● Problem description: Look for the string "with" in the listing below and copy every line in which it appears.

● Material shown:
BEGIN

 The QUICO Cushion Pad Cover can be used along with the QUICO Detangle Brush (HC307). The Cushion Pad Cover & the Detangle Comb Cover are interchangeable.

END
BEGIN

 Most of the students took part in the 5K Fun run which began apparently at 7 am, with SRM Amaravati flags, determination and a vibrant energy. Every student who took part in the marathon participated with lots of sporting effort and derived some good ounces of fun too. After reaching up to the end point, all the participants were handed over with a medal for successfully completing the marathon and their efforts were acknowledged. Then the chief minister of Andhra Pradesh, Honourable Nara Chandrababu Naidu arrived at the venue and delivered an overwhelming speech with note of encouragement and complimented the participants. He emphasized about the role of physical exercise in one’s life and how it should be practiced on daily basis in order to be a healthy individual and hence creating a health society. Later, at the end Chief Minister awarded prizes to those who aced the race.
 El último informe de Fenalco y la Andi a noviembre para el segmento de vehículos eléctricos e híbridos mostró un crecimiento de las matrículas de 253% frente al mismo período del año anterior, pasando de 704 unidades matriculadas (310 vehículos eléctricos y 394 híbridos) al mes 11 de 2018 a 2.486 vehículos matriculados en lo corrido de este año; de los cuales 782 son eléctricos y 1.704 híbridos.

END
BEGIN

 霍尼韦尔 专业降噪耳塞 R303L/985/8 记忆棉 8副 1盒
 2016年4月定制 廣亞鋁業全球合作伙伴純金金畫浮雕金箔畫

END

● Exercise answer:
 The QUICO Cushion Pad Cover can be used along with the QUICO Detangle Brush (HC307). The Cushion Pad Cover & the Detangle Comb Cover are interchangeable.
 Most of the students took part in the 5K Fun run which began apparently at 7 am, with SRM Amaravati flags, determination and a vibrant energy. Every student who took part in the marathon participated with lots of sporting effort and derived some good ounces of fun too. After reaching up to the end point, all the participants were handed over with a medal for successfully completing the marathon and their efforts were acknowledged. Then the chief minister of Andhra Pradesh, Honourable Nara Chandrababu Naidu arrived at the venue and delivered an overwhelming speech with note of encouragement and complimented the participants. He emphasized about the role of physical exercise in one’s life and how it should be practiced on daily basis in order to be a healthy individual and hence creating a health society. Later, at the end Chief Minister awarded prizes to those who aced the race.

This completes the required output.